I had to speak to ds' school the other week as they were stopping them having a drink and going to the toilet and he was coming out wanting a full bottle of drink after school. He is 7 (year 3) but tends to wait until he's desperate and there were a few children wetting themselves because of it. The school now allow them to full up bottles at break which is fair enough but I wasn't happy about him having to wait til then if he needed a wee, the teacher was new so maybe has different ideas to his last teacher.
my daughter was at radlett prep and they wouldn't let the children use the toilet during lessons. I was horrified when a new boy joined and during week 2 wet himself in class and was laughed at and teased by many in the room.
i think they should be encouraged to go at break but for goodness sake have some compassion and understanding, They are only children and it is not always to judge time at these ages.

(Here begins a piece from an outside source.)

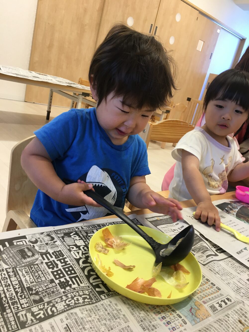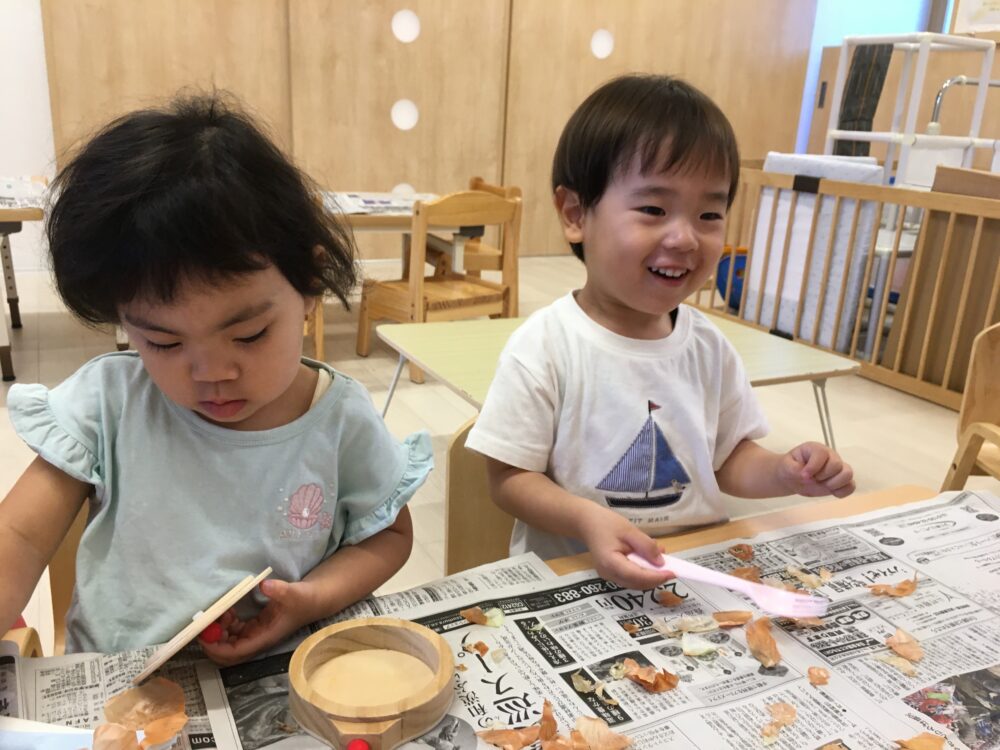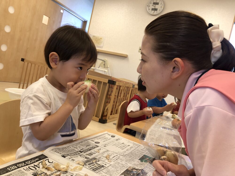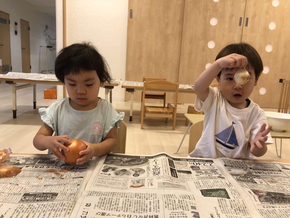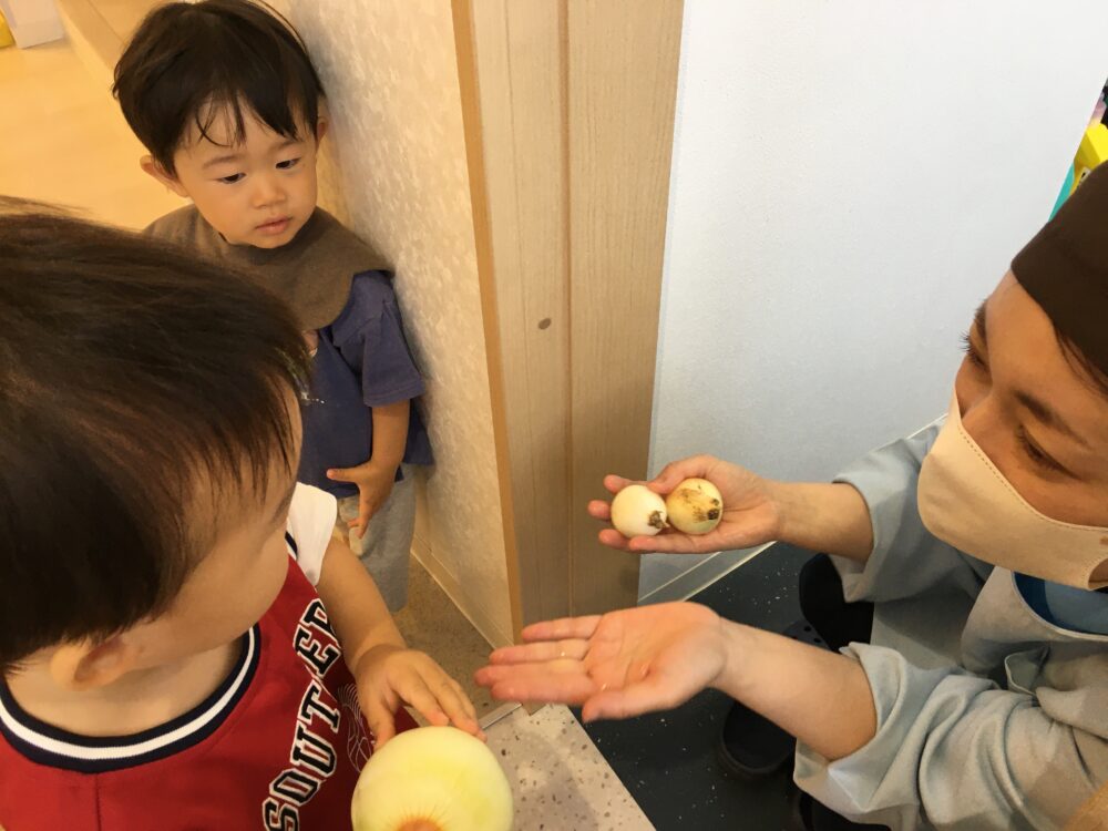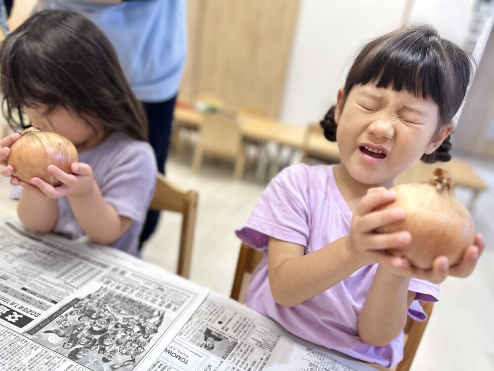 そらぐみ、ひかりぐみ、にじぐみは大きなたまねぎに挑戦しました。

i totally agree re drinking because children need to stay rehydrated to maximise their concentrationa and attention. They adjust to not being allowed to go to the loo by not drinking.
Some of these schools need a rethink
We had exactly the same issue yesterday with DD aged 6.1
She came out of school very, very crestfallen and tearful because the teacher had shouted at her for asking to go to the loo when it wasn't playtime. Apparently, the teacher did let her go but not before having a go which reduced her to tears.
Can I ask what you do fishoils when you're in the car driving and you're 5 or so minutes from home? Do you stop the car there and then? Or wait until you get home?
If in YR or even Y1 - as a 5 year old, they are unlikely to have more than short bursts of sitting still and learning.
In Y2 there are lots of natural breaks in the day when requests to go out with breaktimes are acceptable - after carpet session before going to desks, before queuing up for assembly etc.
No-one wants a child to wet themselves, but then hopefully no-one would want the teacher constantly interrupted with requests to go to the toilet. For every 1 genuine really needs to go, there will be a flurry of 5 or 6 following who just feel like a walk.
As a TA working in YrR we tell every child to go to the toilet at breaktimes, we send them there before and when they come back from break we remind them again. Then before any important input (like phonics etc) we send the whole class to the toilet, even the children who say they don't need to go, they need to go and try. It takes 10 mins but it means we have the whole class there without toilet interuptions for 30 mins or so. If a child asks 5 mins into input to go to the toilet we let them go but they are reminded that we just told them to go so they should have gone then but it rarely happens tbh.
I think its wrong to make a child wait but they can wait a couple of minutes, as auntevil says, most parents would make their child wait the last 5 minutes of a car journey.
some kids do have medical probs - my DS2 is one. He is almost 8 and still wetting at night time/frequently caught short. The clinic say he should drink as much water as he can and go to the loo as much as poss as this will increase bladder capacity. He is terrified of his teacher telling him off for doing so.
I have written to the teacher, spoken to him, reminded DS how important it is but still he doesn't drink water or ask to go to the loo because he is too scared of the consequences.
Not sure what to do really. Apart from this the teacher is great. I think kids should be able to go when they want to but this is from experience with DS
I'm with AMumGoingMad - with all the chat about emulating French maternelles, my dd was in one, and one of the things I thought they did brilliantly was to have a very caring 'assistante' who took all the children to the bathroom at regular intervals (yes, whether they wanted to or not), taught them always to wash their hands, supervised it all so there was no mess, and took pride in this essential practical side to looking after young children. Much later in an English school my dd would hold on all day because of the disgusting state of the bathrooms.
Of course there are children with particular health issues and they need to be handled differently.